Since occupational skill requirements apply to all workers in a given occupation, $T_{jo}$ gives rise to occupational sorting in spirit of Roy (1951). In these Roy-type models, a job is defined as an occupation and workers choose a job that maximizes their expected earnings. Viewing $T_{jo}$ as a representation of occupation-specific skill requirements therefore illustrates occupational sorting resulting from a set of core tasks needed to produce output.

Yet, this framework may be overly restrictive by assuming workers in occupation o perform the same set of tasks.

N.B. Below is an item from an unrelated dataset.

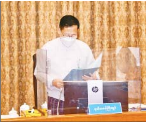
ဘဏ္ဍာရေးဆိုင်ရာကော်မရှင် ဒုတိယဥက္ကဋ္ဌ၊ နိုင်ငံတော်စီမံအုပ်ချုပ်ရေးကောင်စီ ဒုတိယဥက္ကဋ္ဌ၊ ဒုတိယဝန်ကြီးချုပ် ဒုတိယဗိုလ်ချုပ်မှူးကြီးစိုးဝင်း ဆွေးနွေးပြောကြားစဉ်။

ထို့ကြောင့် မိမိတို့ချမှတ်ထားသည့် မူဝါဒများကို အကောင်အထည် ဖော်ဆောင်ရွက်နိုင်ရန် ရငွေများတိုးတက်ရရှိရေးအတွက် ကြိုးပမ်းကြ ရမည်ဖြစ်ပြီး အသုံးစရိတ်များကိုလည်း ပြည်ထောင်စုနှင့် တိုင်းဒေသကြီး၊ ပြည်နယ်များသို့ စနစ်တကျခွဲဝေသုံးစွဲသွားကြရန် လိုအပ်ကြောင်း၊ ထိုသို့ ဆောင်ရွက်နိုင်ရန် ၂၀၀၈ ခုနှစ်၊ ဖွဲ့စည်းပုံအခြေခံဥပဒေပုဒ်မ ၁၀၀၊ ပုဒ်မခွဲ (၁) ပါ နိုင်ငံတော်၏ အမျိုးသားစီမံကိန်း၊ နှစ်စဉ်အရ အသုံး ခန့်မှန်းခြေငွေစာရင်းနှင့် အခွန်အကောက်ဆိုင်ရာဥပဒေကြမ်း များကို နိုင်ငံတော်စီမံအုပ်ချုပ်ရေးကောင်စီက တည်ဆဲဥပဒေ၊ လုပ်ထုံး

If this were true, all variation in $T_{ij}$ would be entirely absorbed by occupation-level tasks $T_{jo}$. Otherwise, the implied equivalence will not hold and both task dimensions, $T_{ij}$ and $T_{jo}$, determine i’s wage.

The key departure in this model from a Roy-type framework is thus its degree of task specialization. I think of $T_{jo}$ as capturing occupational heterogeneity in spirit of Roy (1951), i.e., occupations compensate tasks differentially. In comparison, I interpret $T_{ij}$ as capturing individual heterogeneity, i.e., specialization in a subset of tasks is compensated differentially across individuals. In my model I conceptualize this insight on individual heterogeneity by allowing for individual task specialization within occupations.

$$\begin{aligned} \text {Omitted-variable Bias } \& \text { Relationship to Conventional Methods } \end{aligned}$$

While $T_{jo}$ is readily available, $T_{ij}$ is usually not available in the data. For this reason, researchers often rely on occupation-level task data that is derived from expert assessment and approximate the relationship between wages and tasks as follows:

$$\begin{aligned} ln\ w_{i} = \sum _{J} \beta _{jo} T_{jo} + \mu _{i} + \epsilon _{i} \end{aligned}$$

(4)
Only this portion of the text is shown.